- Education: Brunel University of London
- Occupations: commentator, special adviser
- Website: samuelkasumu.co.uk

= Samuel Kasumu =

British special adviser

Samuel Kasumu is a British politician, commentator and former special adviser.

== Early life and education ==
Kasumu was born in St Mary’s Hospital, Paddington and grew up in Barnet. Kasumu studied accounting and finance at Brunel University.

==Career==
Kasumu came to prominence as a campaigner and entrepreneur. He was a member of trustees including Elevation Networks. He is co-founder of Inclusive Boards which promotes diversity in the workplace. He was a Community Engagement Advisory board member for the 2012 Summer Olympics in London. He stood for London Conservatives in Croydon North in the 2017 general election. He came in second place behind Steve Reed.

Samuel Kasumu worked as special adviser in the Conservative government, joining in 2019 when Boris Johnson became Prime Minister. From 2019 to 2021, he was the most senior Black advisor in the Prime Minister's Office. He specialised in policies on civil society and communities. He was involved in the COVID-19 vaccination programme.
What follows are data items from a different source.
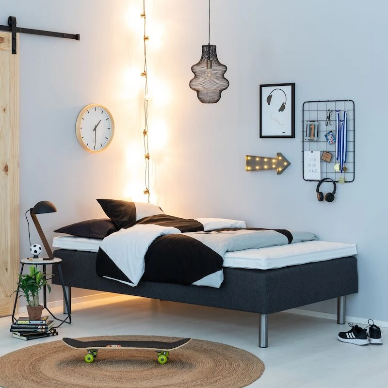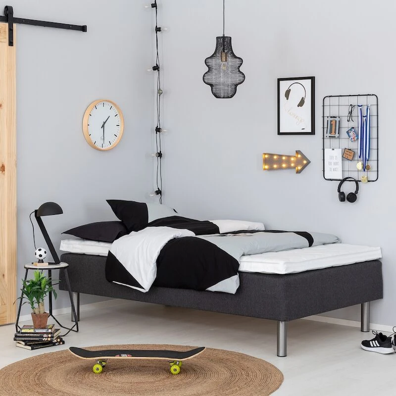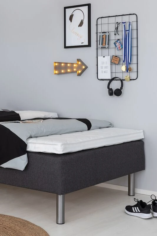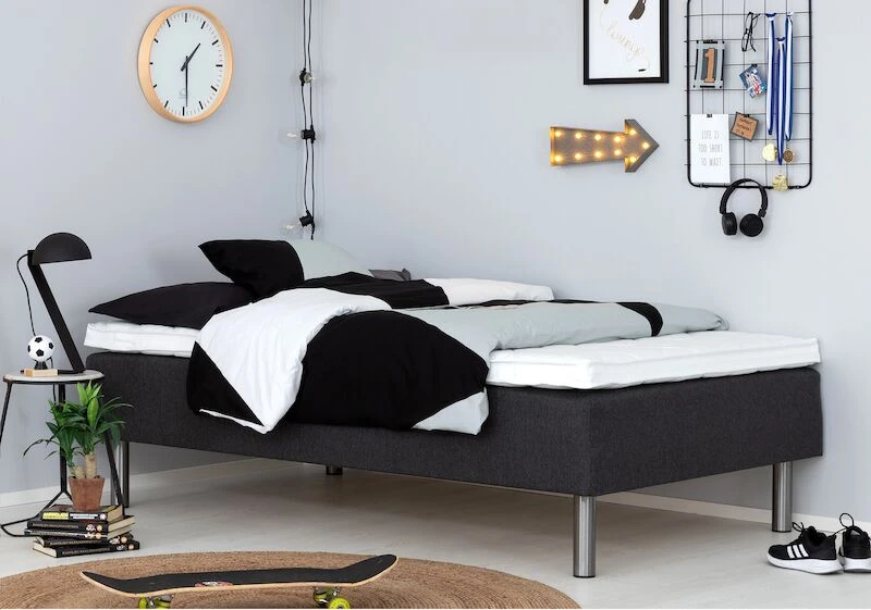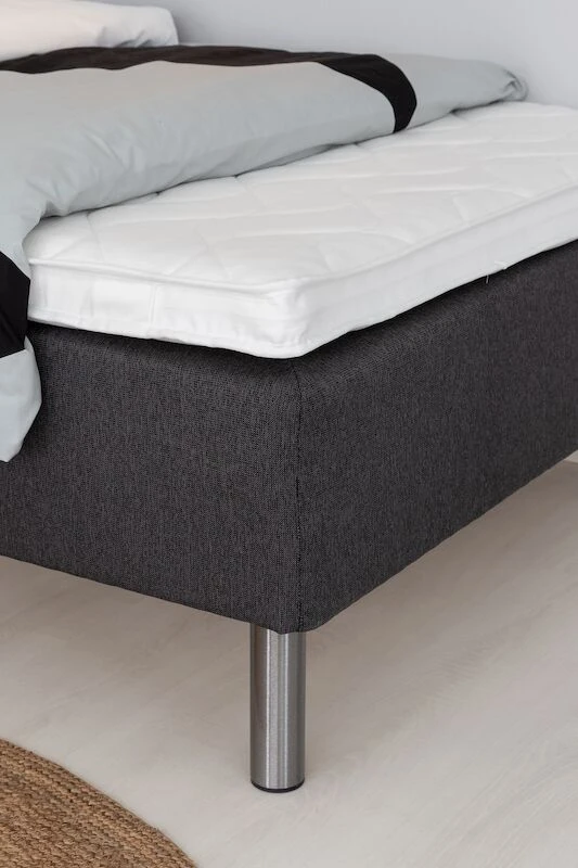 Unia 100 runkopatjapaketti on hyvä vaihtoehto sinulle, joka haet tukevaa ja pitkäikäistä sänkyä. Unia 100 tuoteperheen runkopatjat valmistetaan SUOMESSA tukevaan massiivipuurunkoon ja ergonomisella ja yksilöllisesti myötäilevällä pussijousituksella.Unia 100 runkopatjoissa on vyöhykkeetön pocket-jousisto 1,9 mm lankavahvuudella. Runkopatjat on verhoiltu kestävällä ja tyylikkäällä grafiitin värisellä huonekalukankaalla. Kauniin ja ajattoman ulkonäön kruunaa tukevat metalliset jalat. Unia 100 runkopatjapakettiin kuuluu: pussijousitettu runkopatja, Unia 100 profiloitu vaahtomuovi petauspatja valitsemallasi paksuudella; joko 5 cm tai 8 cm paksuna ja altakierrettävät metallijalat M8 kierteellä. Tuotteella on 15 vuoden katkeamattomuustakuu jousistolle ja rungolle. Sängyssä ei ole keskitukijalkaa, eikä se tukevan rakenteen vuoksi sellaista tarvitse.
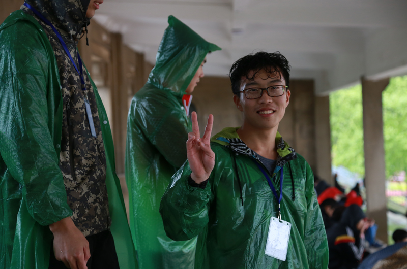宣传组人员雨中拍照
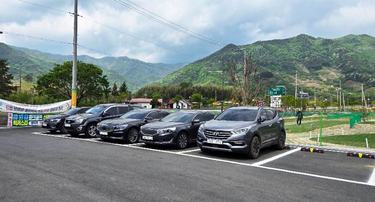 주차장 경치마저 끝내주는 삼장여울파크골프장입니다.
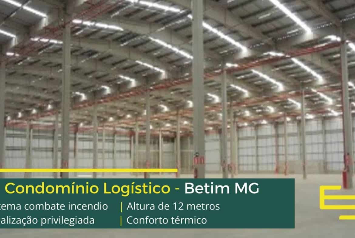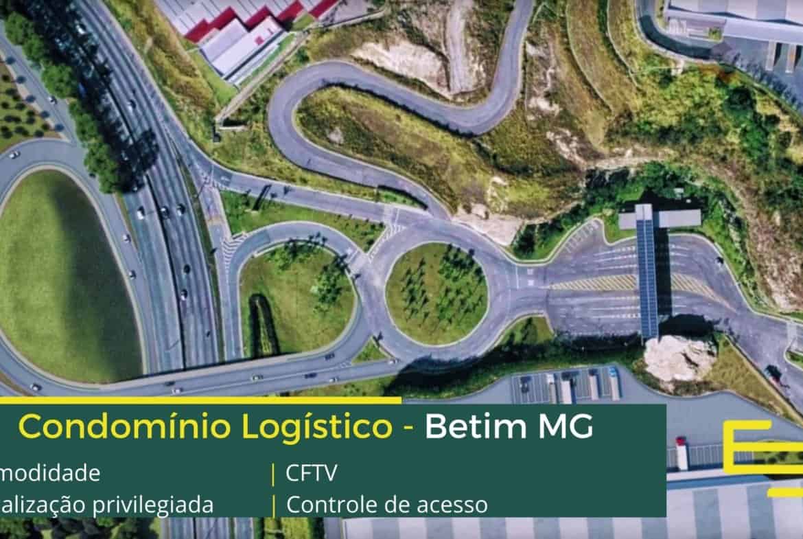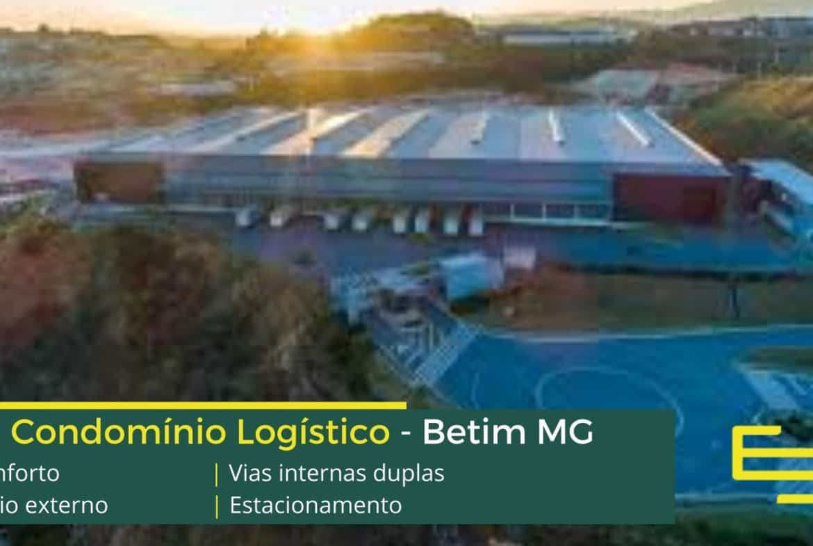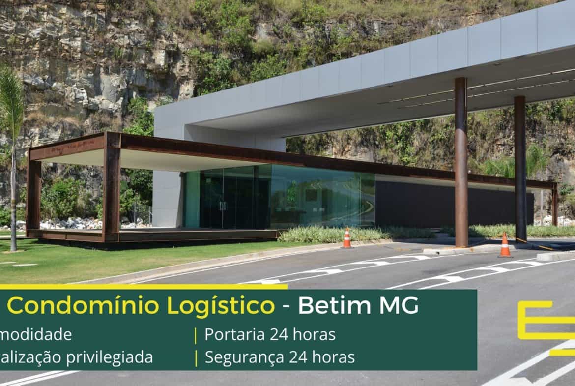 Aluguel de galpões logísticos em Betim MG, com módulos de 1.7 a 40 mil m2, pé direito de 10 a 15m2 e além disso, piso que resiste até 8t/m2., tudo isto em um moderno condomínio com controle de acesso na portaria e que funciona 24 horas dia.
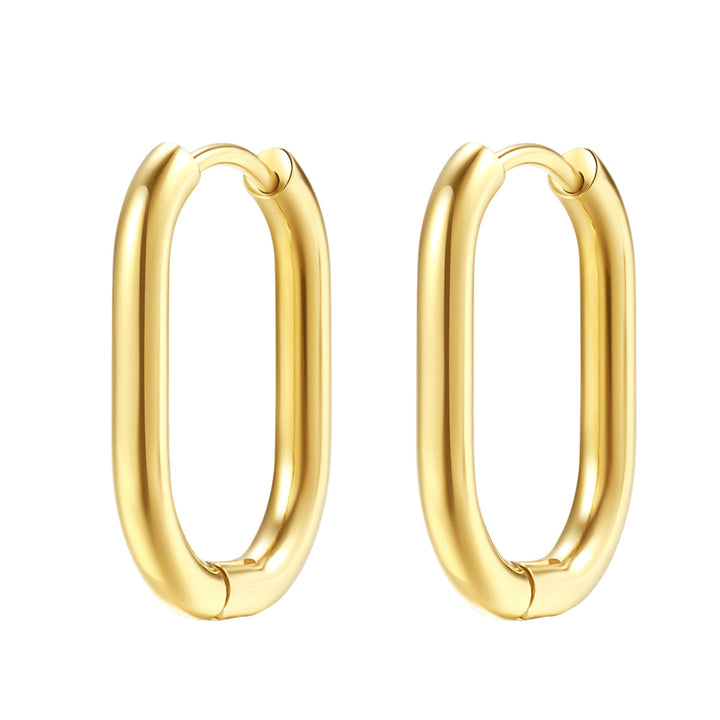 These Small Thin Oval Hoop Earrings by Hey Happiness are modern classics featuring a thin earpiece that threads comfortably through the ear and closes with a hinged clasp at the lower edge. Crafted from stainless steel, they are available in 18K gold-plated and silver finishes, offering sleek minimalism that pairs effortlessly with any outfit.
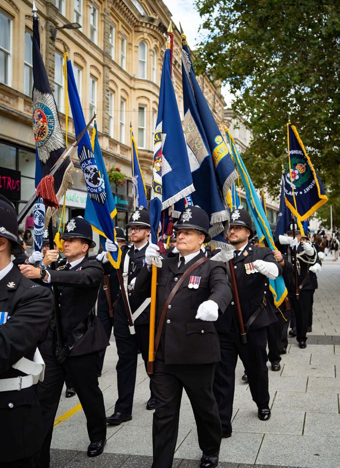 Police Constable Alan Ryder was selected as GMP’s standard bearer for the event as officers, staff and families from forces across the UK honoured fallen colleagues.
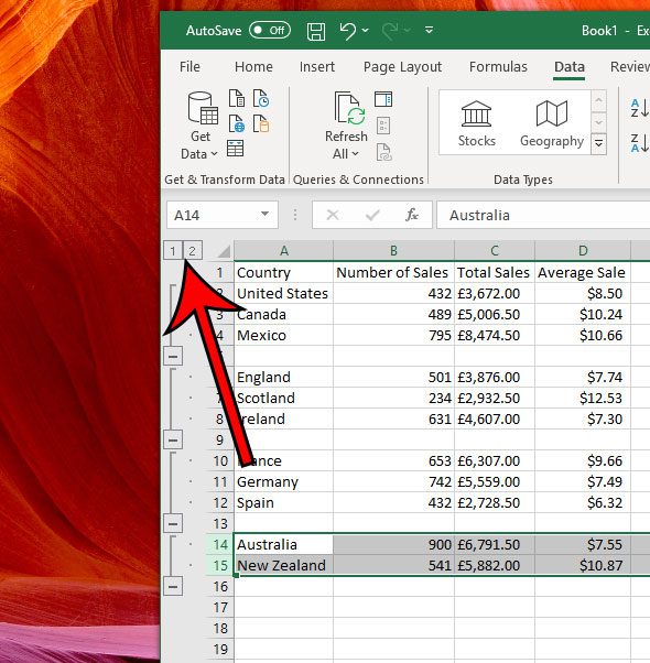 Hvis du har problemer med at finde disse ikoner, er de i øverste venstre hjørne af regnearket. Dette er en af de bedste metoder, når du skal lære at udvide alle rækker i Excel, da gruppering af data i et Excel-regneark har en række forskellige anvendelser.
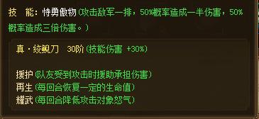 武将:华雄(刚毅的外表,证明他是一个真男人,拥有援护的专属技能,更是可以保护队友免遭貂蝉等普通攻击减怒气的荼毒,我挡,我挡,我再挡!专属技能耀武:从第二回合开始,每回合减少攻击对象50点怒气更是敌人噩梦般的存在!不要以为我只是个肉,三倍技能伤害会让你哭!!)

In 2021, Kasumu resigned after disagreements surrounding a government-commissioned report on racial issues. He accused the Conservative Party of pursuing "a politics steeped in division". Kasumu was a Conservative Party member of Welwyn Hatfield Borough Council. Kasumu stood to be the Conservative candidate in the 2024 London mayoral election. He announced his candidacy in October 2022. He was endorsed by leading politicians including Steve Baker, Grant Shapps, Priti Patel and Nadine Dorries. He was also endorsed by the father of Damilola Taylor. He campaigned opposing the Ultra Low Emission Zone expansion. He was not longlisted and Susan Hall was chosen instead.

Kasumu is a regular panellist on shows including Question Time, Sunday with Laura Kuenssberg and BBC Politics Live.

== Personal life ==
Kasumu is married. They lived in Laindon. He is Christian.